Volgens het college houden inspecteurs van de provincie voortdurend toezicht op de naleving van onder meer de Natuurbeschermingswet 1998 (hierna: Nbw 1998), en zijn in de laatste weken van 2008 en in de eerste weken van 2009 meerdere keren per week zowel overdag als 's avonds en 's nachts controles uitgevoerd in het gebied, waarbij een deel van de controles in 2008 in samenwerking met de politie is uitgevoerd. Bij deze controles zijn tot nu toe geen overtredingen geconstateerd, aldus het college. Volgens het college houdt de politie toezicht op het onnodig in de lucht schieten en onnodig claxonneren, en zullen de inspecteurs van de provincie optreden indien dergelijke activiteiten aantoonbaar negatieve gevolgen hebben voor het gebied.

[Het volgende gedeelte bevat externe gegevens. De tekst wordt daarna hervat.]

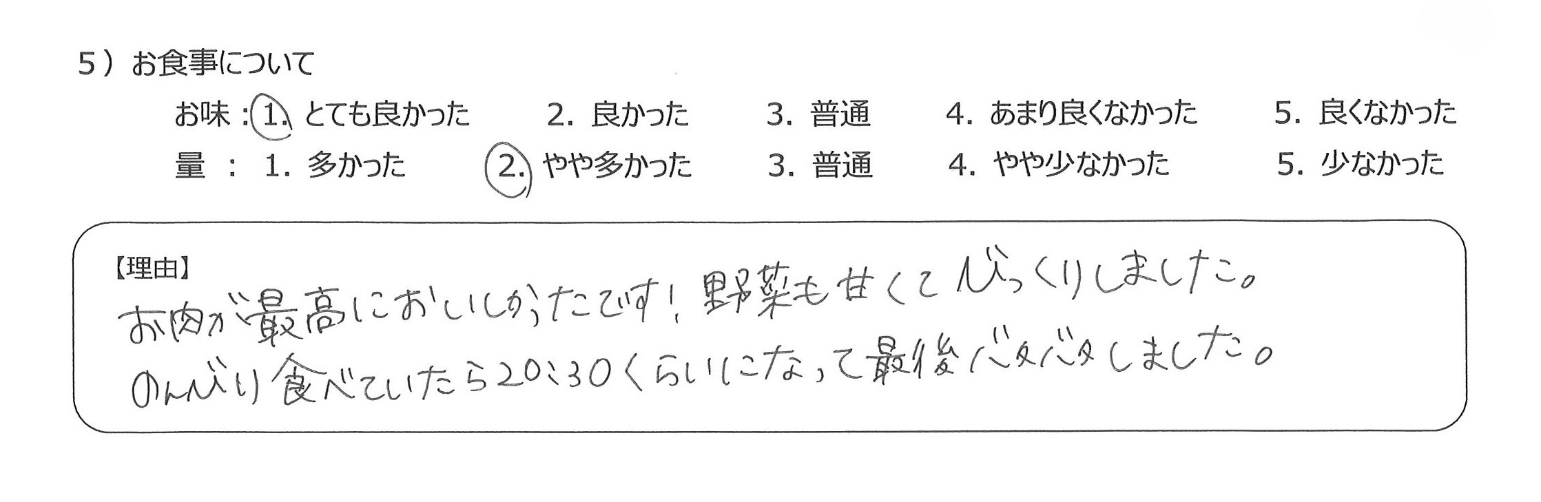 ジャグジー、サウナ、プールのセットがとても良かった。5)お肉が最高においしかったです!野菜も甘くてびっくりしました。

In zoverre ziet de voorzitter dan ook geen aanleiding voor het treffen van een voorlopige voorziening.
2.3.2. Het college heeft zich in zijn besluit van 9 februari 2009 op het standpunt gesteld dat het plaatsen van stokken met wimpels in het veld ter verjaging van ganzen naar andere percelen een preventief middel vormt in het kader van beheer en schadebestrijding, en op grond van de Verordening Vrijstellingen Flora- en faunawet Noord-Holland 2002 is toegestaan. Volgens het college bestaan voor de ganzen voldoende uitwijkmogelijkheden. Het bestaande agrarische gebruik van gronden in het gebied De Abtskolk-De Putten kan worden voortgezet totdat een beheerplan voor het gebied is opgesteld, aldus het college. Ten aanzien van het omploegen van gronden heeft de stichting volgens het college onvoldoende gegevens overgelegd om daartegen handhavend te kunnen optreden.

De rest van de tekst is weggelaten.